PCR Products in the Clinic

For instance, a direct PCR test is sometimes used for genetic diagnosis. An early test for the most common cystic fibrosis (CF) allele (the DF508 mutation) was based on direct measurement of the length of the amplified DNA fragments. Because the mutation involves deletion of three base pairs, a simple test was designed in which primers that flank the missing codon are used for PCR. If no DF508 mutation is present, the PCR fragment will be 100 bases in length. However, the DF508 allele will produce a fragment 97 bases in length. The PCR fragments are separated on a gel and the bands of DNA are stained with a fluorescent dye. The amplified DNA from individuals who do not carry the DF508 mutation will display only the 100 base fragment. Carriers will have one fragment 100 bases in length and a second fragment 97 bases in length. And those homozygous for the DF508 mutation will show only the 97 base PCR fragment. A second type of direct PCR test, such as for the mutation that causes multiple endocrine neoplasia type 2B (MEN2B), involves amplification of a PCR fragment that spans a restriction endonuclease cleavage site that is eliminated by the mutation.

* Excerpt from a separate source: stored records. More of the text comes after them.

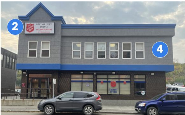
Figure 3: Simple Facade Example

Major Improvements (simple projects – 1 or more):
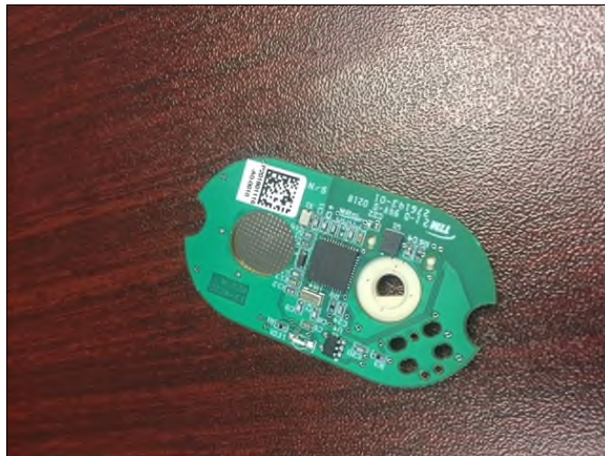
Figure 2: PCB Bottom
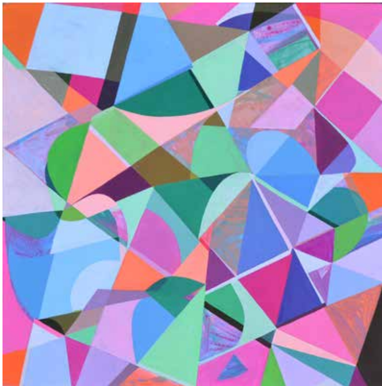
Bravest Woman in America, 2017 Gouache on panel 16 x 16 inches $1,400
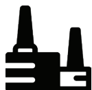
Power Generating Stations

Regardless of the industry, ESP's need to be properly maintained and the safety of personnel and the equipment is critical during maintenance operations.
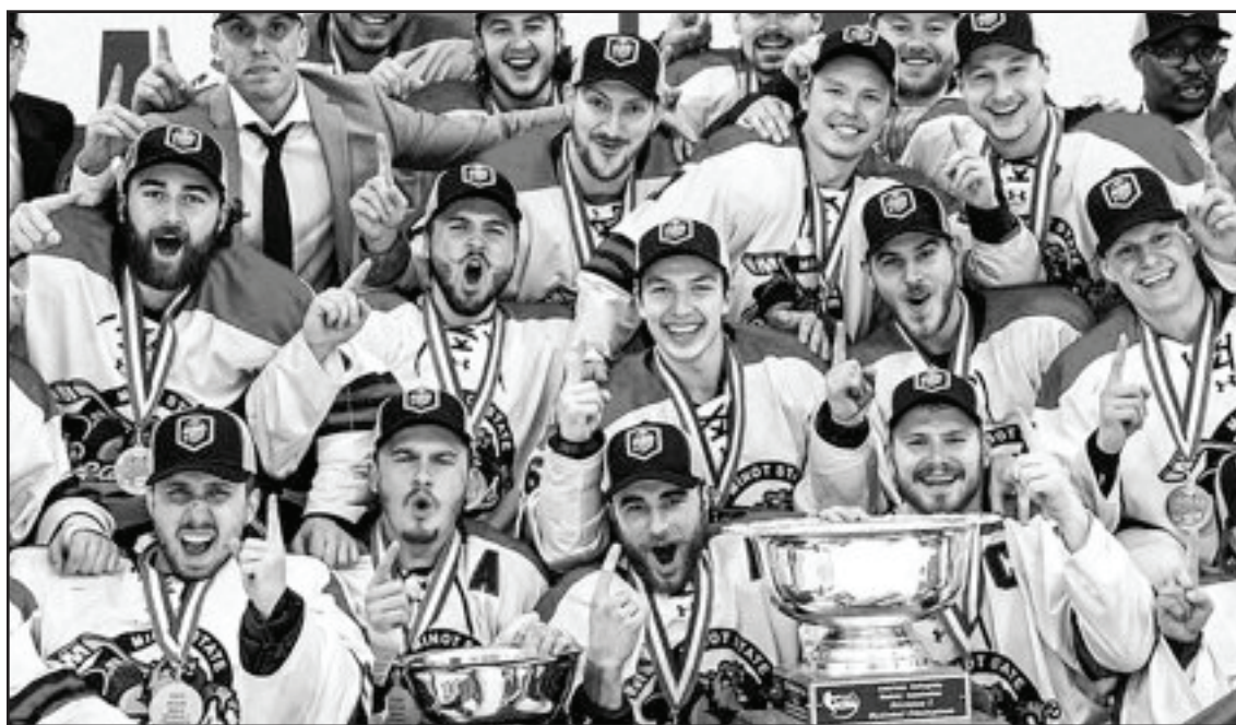
MSU Men's Hockey begin their title defense as reigning ACHA National Champions this fall.

The Minot State Men's hockey team will be having their home opener on September 29th where they compete against Liberty University on that Friday and Saturday. During that weekend, the men's team will be having their 2023 National Championship banner raised. "By raising that banner in front of everyone will be such a special night not only for us but also for the fans."

PCR amplification is also used for diagnostic DNA sequence analysis. For instance, the current commercial protocol for detection of mutations in the breast cancer susceptibility genes BRCA1 and BRCA2 begins with PCR amplification of the patient's DNA. The amplified PCR fragments are then subjected to DNA sequence analysis. Because these are very large and complex genes with multiple introns, it takes 35 separate PCR amplifications to span the protein coding region of the BRCA1 gene and 47 reactions to cover the protein coding region of the BRCA2 gene. The interval to be amplified is defined by a different primer pair for every reaction. Both the paternal and maternal chromosomes in the patient's DNA serve as templates for a given amplification. In most cases, the two chromosomes will yield identical fragments. Sometimes the sequences may differ by an inconsequential polymorphism, but in other cases, there may be substantial differences. In the majority of cases, these differences are detected by DNA sequence analysis of the PCR products. However, this is not always the case. For example, a substantial proportion of BRCA1 founder mutations in the Dutch population is caused by deletions of part of the BRCA1 gene. The missing DNA cannot be amplified into a PCR product, and therefore only the normal BRCA1 gene on the patient's other chromosome can be detected. The amplification of only one fragment cannot be distinguished from the amplification of identical paternal and maternal fragments, so the deletion mutation is not detected.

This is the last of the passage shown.